Fifty-six percent of adult women in the United States will develop clinical cardiovascular disease (CVD) in their lifetimes, and CVD remains the number one cause of mortality in women, resulting in one death per minute in the United States. Importantly, in up to 45% of women, their first presentation of CVD may be sudden death, which occurs without antecedent symptoms, further emphasizing the importance of primary prevention of CVD.
Although effective means for preventing CVD are available, current methods for identifying those at risk before events occur are limited. Population-based risk algorithms such as the Framingham risk score (FRS), Reynolds risk score (RRS), and pooled cohort equation are used to assess cardiovascular risk, yet 75% of myocardial infarction and CVD deaths occur in the low- and intermediate-risk populations.
Both computed tomographic coronary artery calcium score (CACS) and carotid intima-media thickness (CIMT) and plaque detection on ultrasound measure subclinical atherosclerosis and have been shown to independently add incremental predictive value to traditional risk factors, although the correlation between the two is weak.

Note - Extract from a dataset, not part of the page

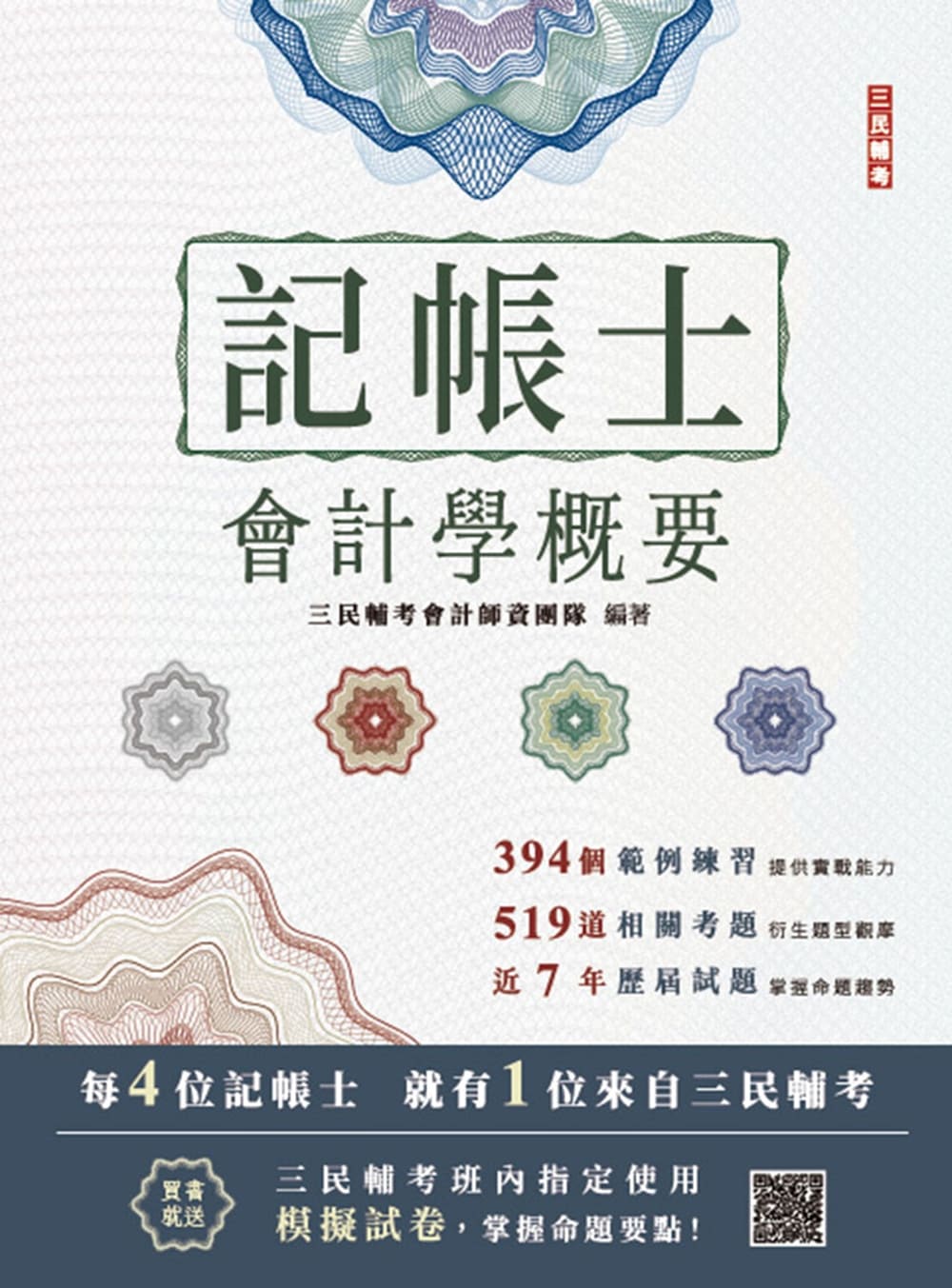 內容簡介 市面上會計學何其多,您為什麼要選擇三民輔考出版的呢? 第一、 本書導入三民輔考團隊完整會計師資,從企劃、撰寫、解題,均由資深名師協同編輯分工合作,集所有專業於大成,絕非其他出版社一人著作可相較比擬。 第二、 採納上榜生建議,年年改版,內容去蕪存菁,抓緊命題趨勢,編撰的內容,都是最常考的重點,精讀或考前衝刺都適用! 第三、 一本抵多本,本書不僅收錄記帳士的例題,尚含括會計師、銀行招考、公職特考……等會計學試題,若您是企圖心十足,想做遍各類題目的考生,這本絕對物超所值! 市場見證,上榜生口碑相傳! 本書自2013年出版以來即成為三民補習班記帳士面授與函授專班上課用輔助教材並對外銷售,年年改版,累積銷售量已朝向30,000冊邁進,可以說每3位記帳士考生中就有1位選購本書,持續獲得考生的青睞已逾10年,想考記帳士的您還在猶豫要不要加入購物車結帳嗎?小心晚了搶不到唷! 記帳士考試採及格制,只要平均60分即可考取,無須與其他考生競爭錄取名額。112年度有500多位考生考取記帳士證照,錄取率約12%,相較於其他國家考試,是及格率與投資報酬率較高的選擇! 記帳士出路範圍廣,囊括了會計及稅務,可獨立開設或加入大型記帳士事務所,論件計酬、待遇佳,也能轉往其他會計金融業,或財稅相關國家考試,不必擔心未來職涯發展遇上瓶頸。 本書四大亮點: ★394個範例練習,提升實戰能力。 ★519道相關考題,衍生題型觀摩。 ★近7年歷屆試題收錄,掌握命題趨勢。 ★隨書附贈記帳士模擬試卷,厚植應考實力! 【本書適用】 這本《會計學概要》(書號:9786267579718)適用於專技普考:記帳士考試。 【本書特色】 》依據IFRS及EAS編修,切合命題大綱 本書係根據專門職業及技術人員普通考試記帳士考試命題大綱公告之會計學命題範圍,以及國際財務報導準則、企業會計準則相關規範編寫而成,12大章節囊括常考重點主題,包含調整、錯誤更正、財務報表、收入認列準則、銀行往來調節表、應收款項、存貨、營業用資產、金融資產、負債、公司會計、現金流量表、財務報表分析等。另外亦包括近年出題率呈現上升趨勢的內容,如:投資性不動產、生物性資產、應付公司債攤銷及提前贖回、可轉換公司債、製造業會計等,皆由編著團隊彙整收錄書中。 》重點速記,實戰模擬試題驗收學習成效, 書中的核心概念和詞句以「粗體」醒目突出標示,以幫助讀者更快地理解和記憶重點內容,從而節省準備考試的時間。而除了在重要內容環節附有與主題相應之300多道「範例練習」,各章最後亦附有400多道「相關考題」,除收錄記帳士考題外,亦搜羅如高普考、國營、或銀行等與內容相關之試題,讓讀者準備記帳士考試之餘,也可以參考其他考試單位的出題趨勢,用最省力的方式,獲得最大效益。 》歷屆試題加持,考試趨勢全掌握 本書收錄近7年記帳士考試歷屆試題,且題題詳解,讓考生鑑往知來,了解考情趨勢及出題脈絡,高效率厚植應考實力。 》贈品 記帳士考試模擬試卷 隨書附贈「記帳士考試模擬試卷」,幫助考生在最後階段全面強化應戰實力,多年來累積口碑,千名上榜生一致推薦。試卷只送不賣,詳情請掃書封QRcode! 【命題趨勢分析】 ◎依近年歷屆試題來看命題方向,題目較常出現之主題為調整、錯誤更正、財務報表、收入認列準則、銀行往來調節表、應收款項、存貨、營業用資產、金融資產、負債、公司會計、現金流量表、財務報表分析等,另外,投資性不動產、生物性資產、應付公司債攤銷及提前贖回、可轉換公司債亦逐年加重比例,而製造業會計比起往年,出題率有上升趨勢。 ◎歷年來命題委員往往會將IFRS的公報列入考試題目中,須加強注意新公報之規範。 ◎中級會計占比雖不高,但近年記帳士考試的內容難度有逐漸升高趨勢。 ◎除了具備初會的基本概念外,更需加強試題分析、申論、時事等綜合靈活運用能力。

In this study, we evaluated the prevalence of advanced subclinical atherosclerosis as assessed by CACS and carotid ultrasound in middle-aged women with at least one cardiovascular risk factor but low FRS.
Methods
This protocol was approved by the Mayo Clinic Institutional Review Board. Asymptomatic women between 50 and 65 years of age with at least one cardiovascular risk factor (hyperlipidemia, hypertension, family history of premature coronary disease, current tobacco use, or elevated high-sensitivity C-reactive protein) and classified at low risk by the FRS were included in the study. Women were identified by their primary care physicians or cardiologists at the Mayo Clinic Arizona from December 1, 2010, to January 31, 2013. The initial history, physical examination, and laboratory testing was performed by the referring physician and was accessible via the electronic medical record. Informed consent was obtained by the Protocol Development Office. FRS were calculated for all participants, and only those at low risk (<10% risk for a cardiovascular event over 10 years) were included. The RRS was also calculated when data were available, and the race- and sex-specific pooled cohort equation to calculate the 10-year atherosclerotic CVD (ASCVD) risk estimate was calculated for all patients. Hyperlipidemia was defined as a low-density lipoprotein cholesterol level ≥ 100 mg/dL; hypertension as systolic blood pressure ≥ 140 mm Hg, diastolic blood pressure ≥ 90 mm Hg, or use of antihypertensive therapy; and family history of premature coronary disease as a first-degree male relative <55 years of age or a female first-degree relative <65 years of age with a cardiac event. Subjects were excluded if they were on lipid-lowering therapy, had histories of coronary artery disease (CAD) or CAD equivalent such as peripheral vascular disease, cerebrovascular disease, or diabetes mellitus.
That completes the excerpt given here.